Clarissa’s story had more surprises for me as I continued to trace her in the workhouse and registry records. Still living in the locality, in 1853 she married John Drake, whom I suspect is a distant relative of mine. The Drake family was a large one, and John was from the parish of Hingham, just west of Wicklewood but still within the Forehoe Union area. In their marriage certificate we finally learn that Clarissa’s father was a John Burton, but having both her parents’ names has still not helped to identify her securely.

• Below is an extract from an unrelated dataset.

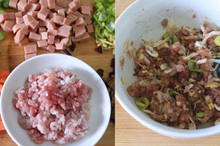 火腿切成丁状,胡萝卜去皮切成丁状,干香菇泡软也切成丁状,葱姜蒜洗净切成末。猪肉馅装入碗里,加适量五香粉、虾皮、葱末、姜末、香油和酱油,搅拌均匀备用。
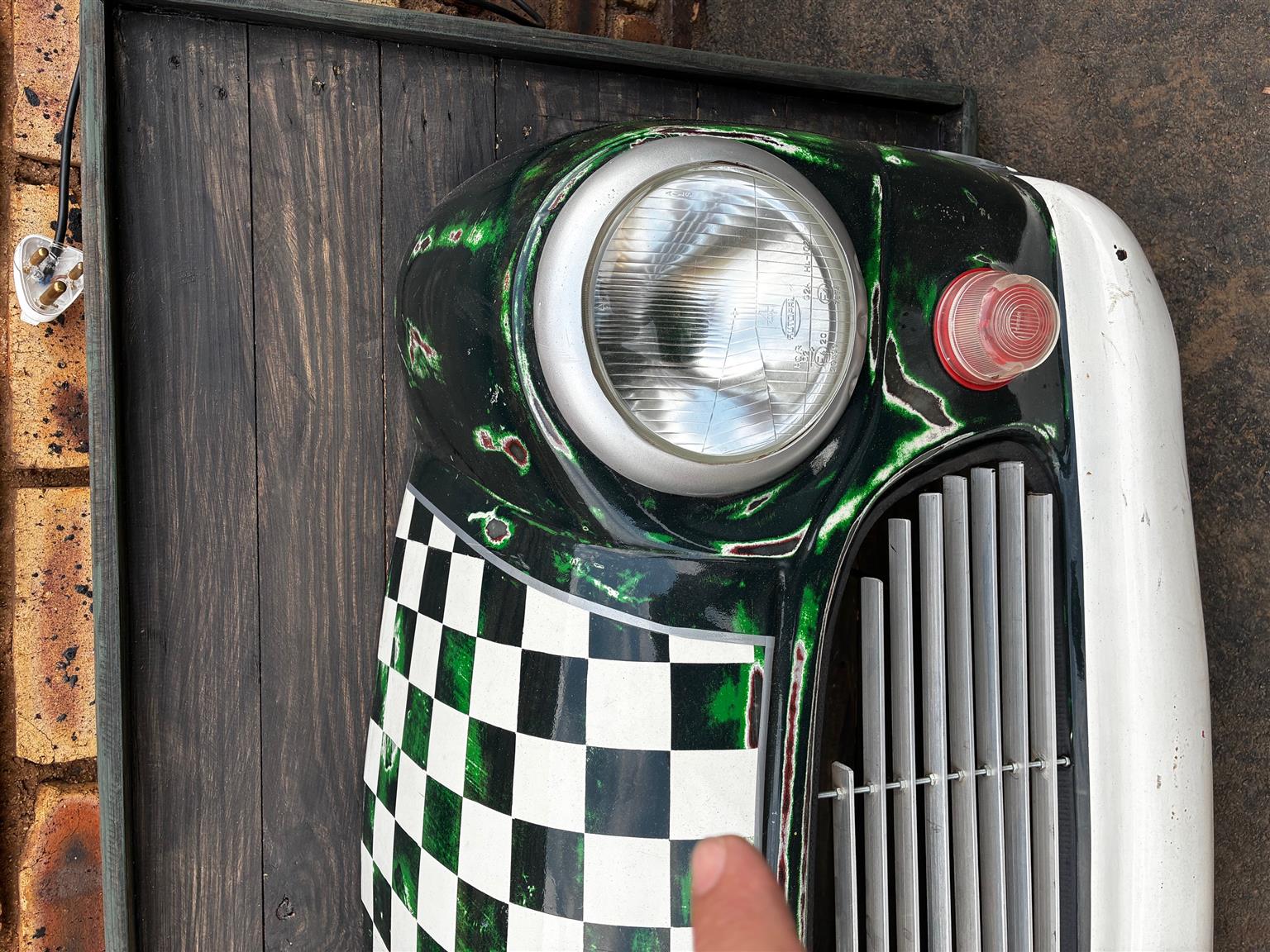 Mini Austin Wall Art display Leyland cooper classic Front end decorative wall hanging on wood with lights Man Cave Museum piece looks awesome as per pictures.

James died in 1855, leaving Clarissa to enter Heckingham workhouse again in January of the same year (the chronology is fuzzy here – his death was in the same quarter). In February 1855 Clarissa, aged 36, using the name Burton and presenting herself as a spinster, married 61-year-old George Rudledge, a widowed wheelwright who had been an inmate of the Wicklewood workhouse in 1851.
At this point I wondered whether this was an attempt by the Forehoe Guardians to solve two problems in one: did they offer Clarissa and George a financial incentive to settle down together in the hope that they might manage without further Union support? Was it an offer they could not refuse? And were the Guardians complicit in enabling her to give an inaccurate name? (There was no explicit prohibition against a widow remarrying, but the haste might have caused some comments.) If so, it soon backfired: George was dead within the year and is buried in Wicklewood churchyard.
Undeterred or perhaps by this time desperate, Clarissa (or the Guardians) had one more try at finding her a husband. In August 1857 Clara [sic] Rudledge, ‘widow of full age’, daughter of John Burton, married John Bartram, possibly five years her senior, a widowed weaver from Damgate, Wymondham. Misfortune struck again however: he died in 1860, and she returned to Heckingham workhouse for 6 months until February 1861.
This is where the trail goes cold. I searched for recorded deaths of a Clarissa or Clara Bartram and found just two: in London in 1863 or Liverpool in 1880.
Had she moved on? At the age of 42 Clarissa was thrice-widowed (or twice if the Drake marriage is not hers), had had at least one child outside marriage (whose fate is unknown), and may finally have run out of options in the Forehoe locality, where by now she surely had a reputation and may even have been suspected of having a hand in her husbands’ deaths. Whilst the Guardians had a legal duty to help the destitute, we have already seen that they were less than sympathetic to ‘bad characters’. Through writing this post I have wondered how much agency she really had as she went from one marriage to the next.
Clarissa is an unusually well-documented woman, but for all the wrong reasons, and I cannot help thinking how her early experiences in the workhouse shaped the rest of her life. Was she the ‘bad character’ she is written up as? Or was she just one of the mass of young, poor women caught up in the economic uncertainties of rural life in the early 19th-century, and forced to find any means to make a living? Their stories litter the record books (and, I find, this blog!) and deserve to be investigated beyond the bald statements on the archival pages.